TASK GOAL: Pictures in the material below are to be left out, and only the lines from the line with "傅品祥,上饶市第二人民医院一" up to and including the line with "Simple Joys by" are to be written out exactly.

********

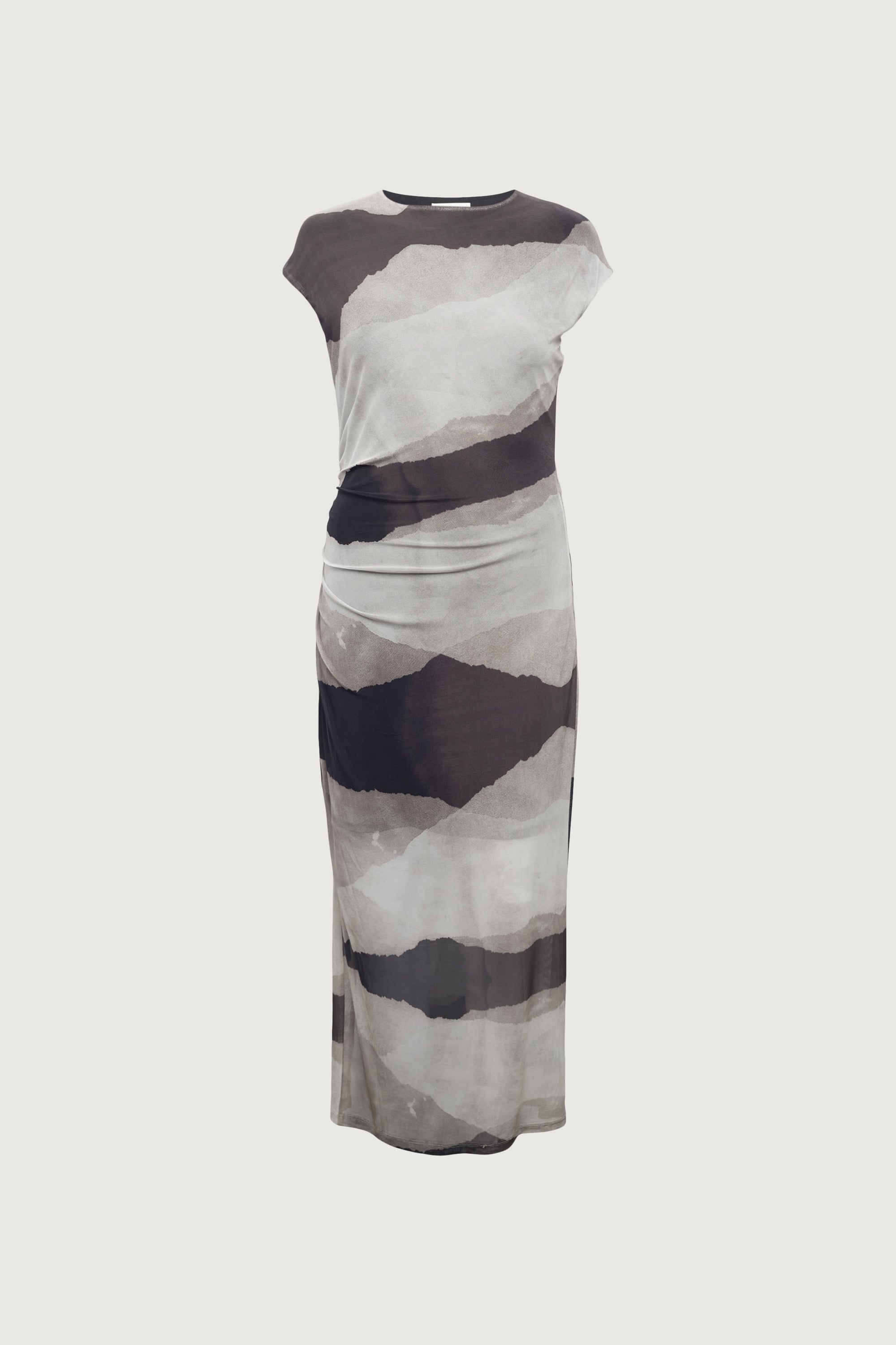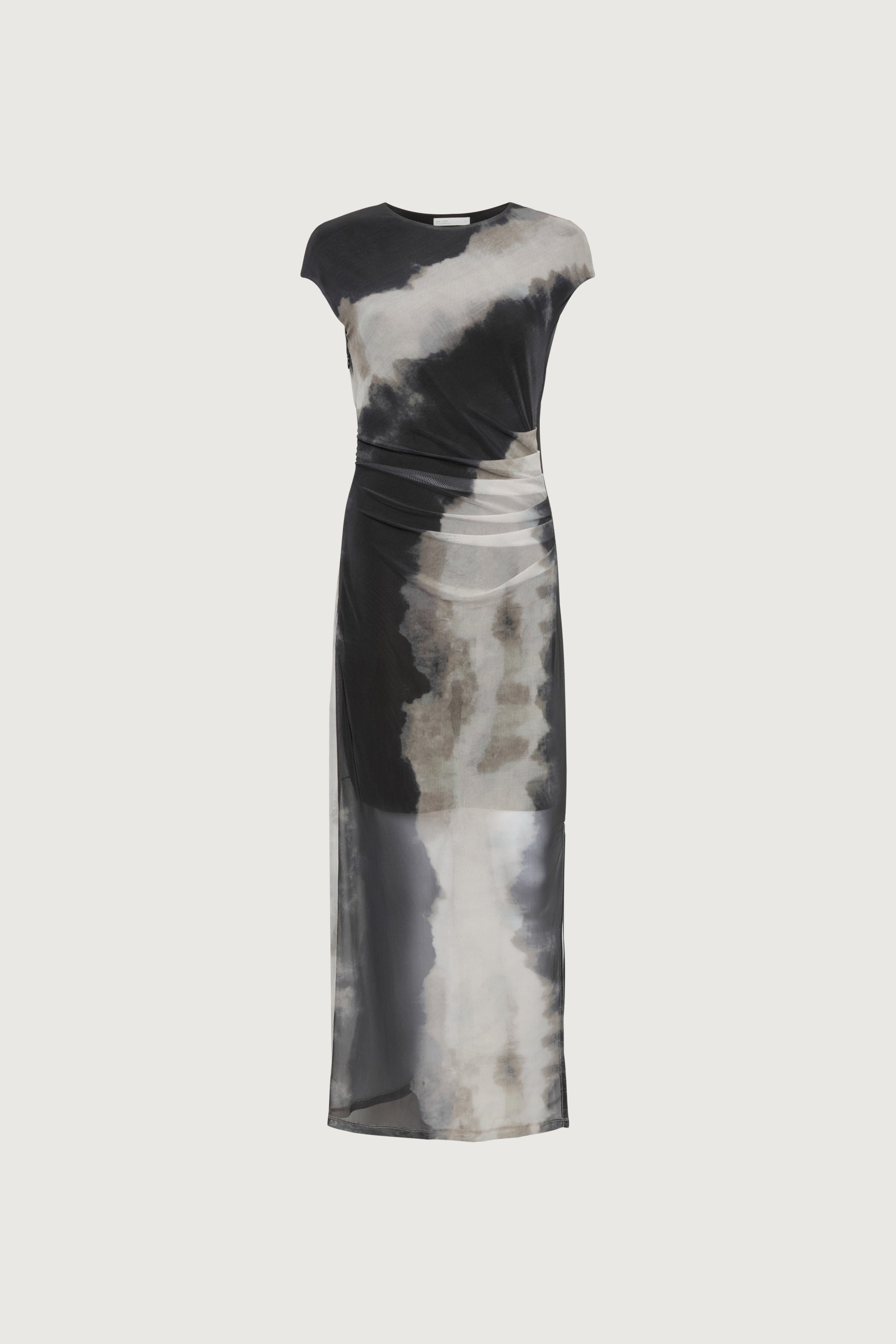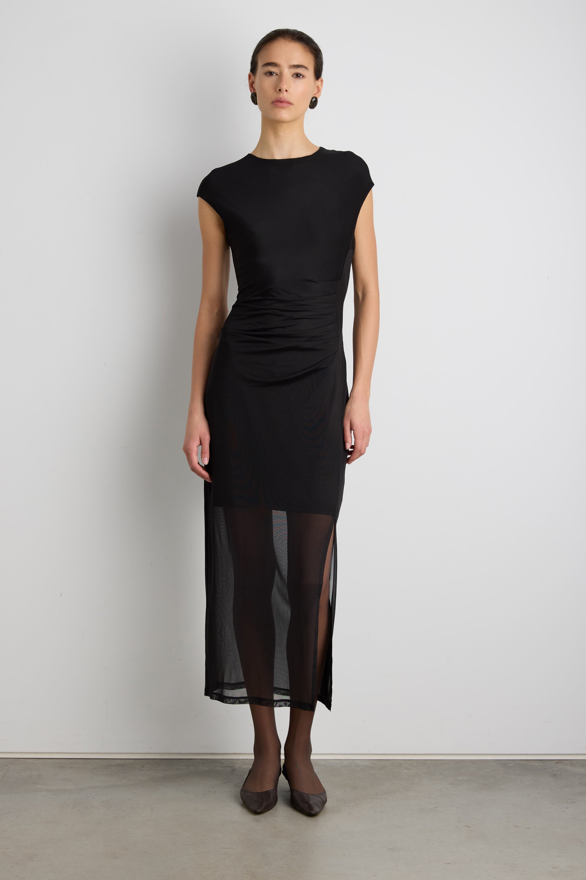 This sheer mesh patterned dress is made in a body-hugging silhouette and is lined half way to show off the legs. It's detailed with a high-neckline, a ruched side and a front slit. The perfect transitional dress you can wear with heels or knee high boots.
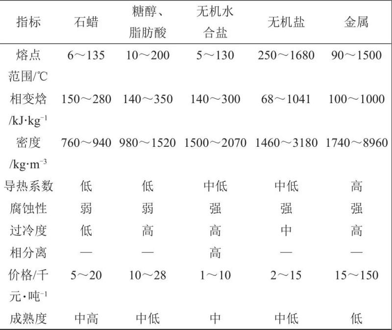 按照工作溫度,固-液相變材料又分低溫相變材料和高溫相變材料。其中,低溫相變材料主要包括聚乙二醇、石蠟和脂肪酸等有機物及無機水合鹽,中高溫相變材料主要包括無機鹽、金屬和合金等。不同的相變材料特點見表2[7,8]。從表中可以看出,石蠟、無機水合物等低溫相變材料技術成熟度相對較高,已實現(xiàn)部分材料的示范應用,但是仍存在導熱系數(shù)低、腐蝕性、過冷度和相分離等問題;無機鹽、金屬等中高溫相變材料雖然具有相變焓較大、密度較高等優(yōu)點,但是相關材料腐蝕性、過冷度等問題仍需要進一步研究,目前技術成熟度較低,仍處于實驗室研究階段。
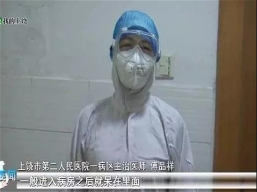 傅品祥,上饶市第二人民医院一病区主治医师。他所在的单位是上饶市收治新型冠状病毒感染的肺炎患者定点医院之一,目前已收治2例新型冠状病毒感染的肺炎患者。疫情发生后,傅品祥主动请缨,坚守岗位,更作为市第二人民医院第一救治小组成员全力救治新型冠状病毒感染的肺炎患者。为了更好的救治病人,也为了节省防护服,他在病房里一呆就是一整天,连厕所都省着去上。而这样的状态已经连续5天了。
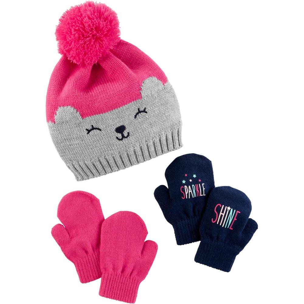 Simple Joys by Carter’s Baby Hat and Mitten Set(Navy/Pink Bear)
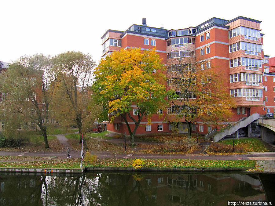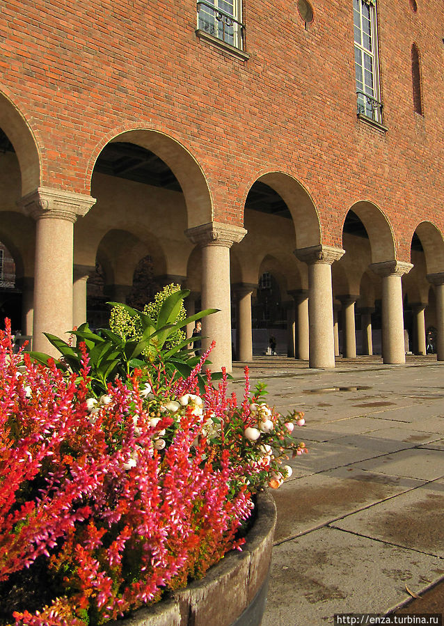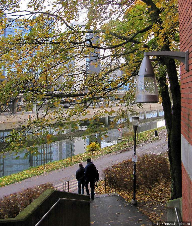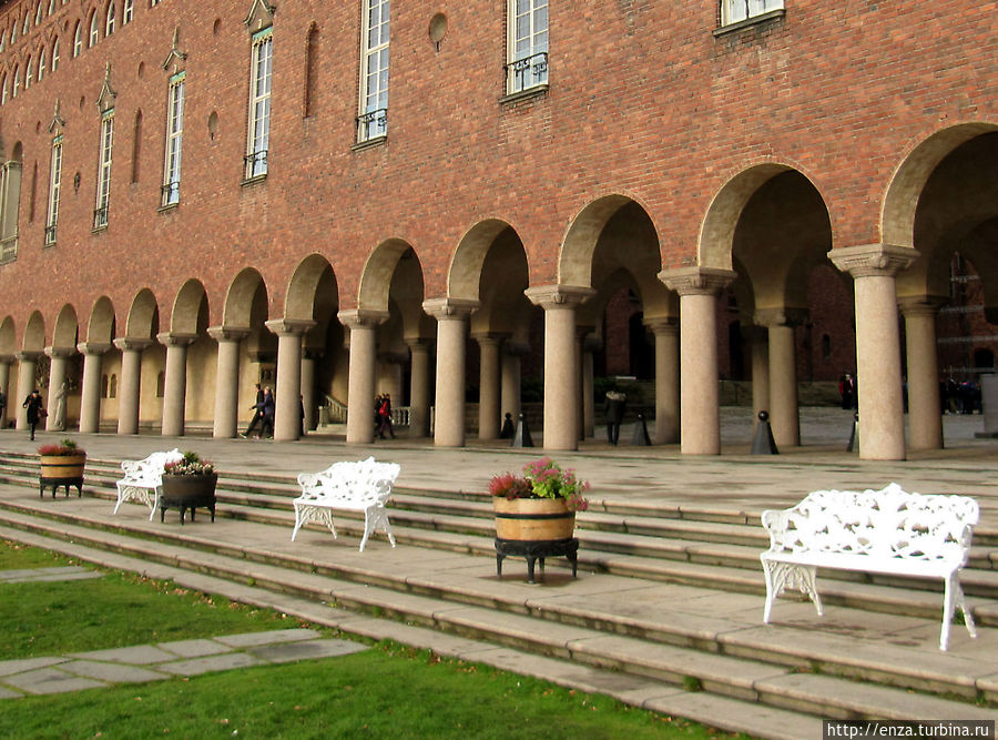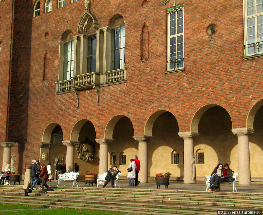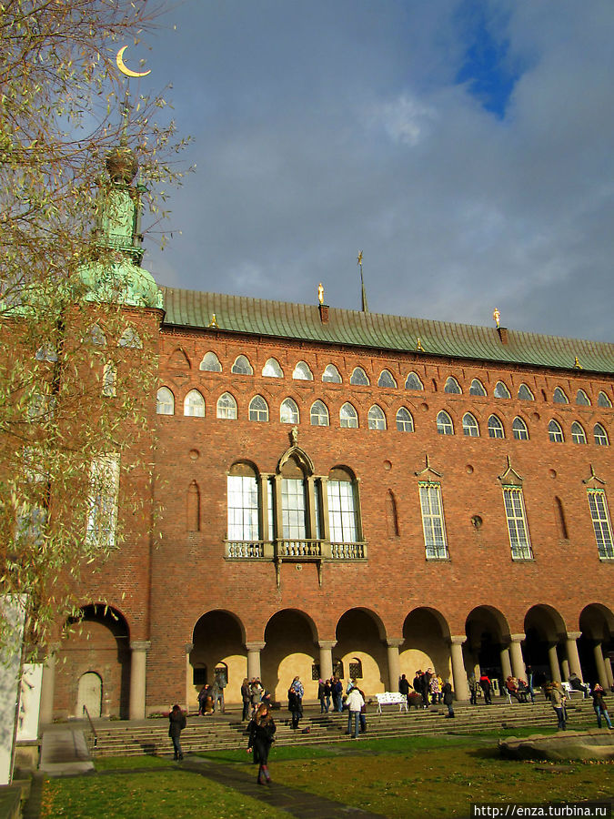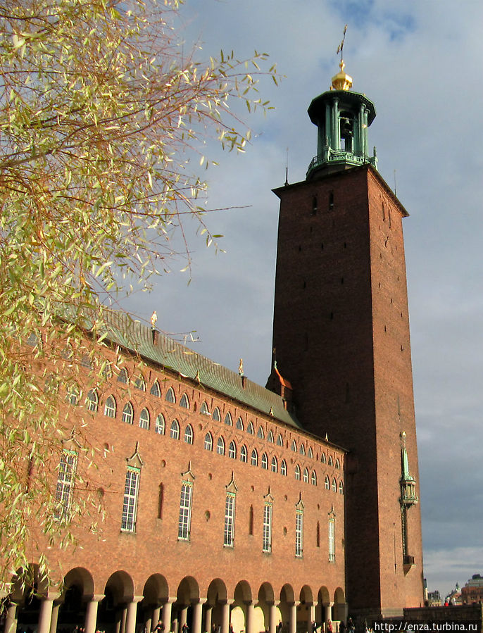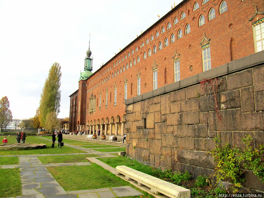 С Ратушей у нас на самом деле получилось «вокруг». Добрались мы до неё пешком аж из самого Östermalm. Перешли по мосту у Центрального Терминала на остров Kungsholmen, спустились по крутой лестнице на уютную и почти безлюдную беговую дорожку, которая даже для гугловских карт осталась безымянной и с удовольствием прогулялись к Ратуше.

********

SOLUTION TO THE PROBLEM:
 傅品祥,上饶市第二人民医院一病区主治医师。他所在的单位是上饶市收治新型冠状病毒感染的肺炎患者定点医院之一,目前已收治2例新型冠状病毒感染的肺炎患者。疫情发生后,傅品祥主动请缨,坚守岗位,更作为市第二人民医院第一救治小组成员全力救治新型冠状病毒感染的肺炎患者。为了更好的救治病人,也为了节省防护服,他在病房里一呆就是一整天,连厕所都省着去上。而这样的状态已经连续5天了。
 Simple Joys by Carter’s Baby Hat and Mitten Set(Navy/Pink Bear)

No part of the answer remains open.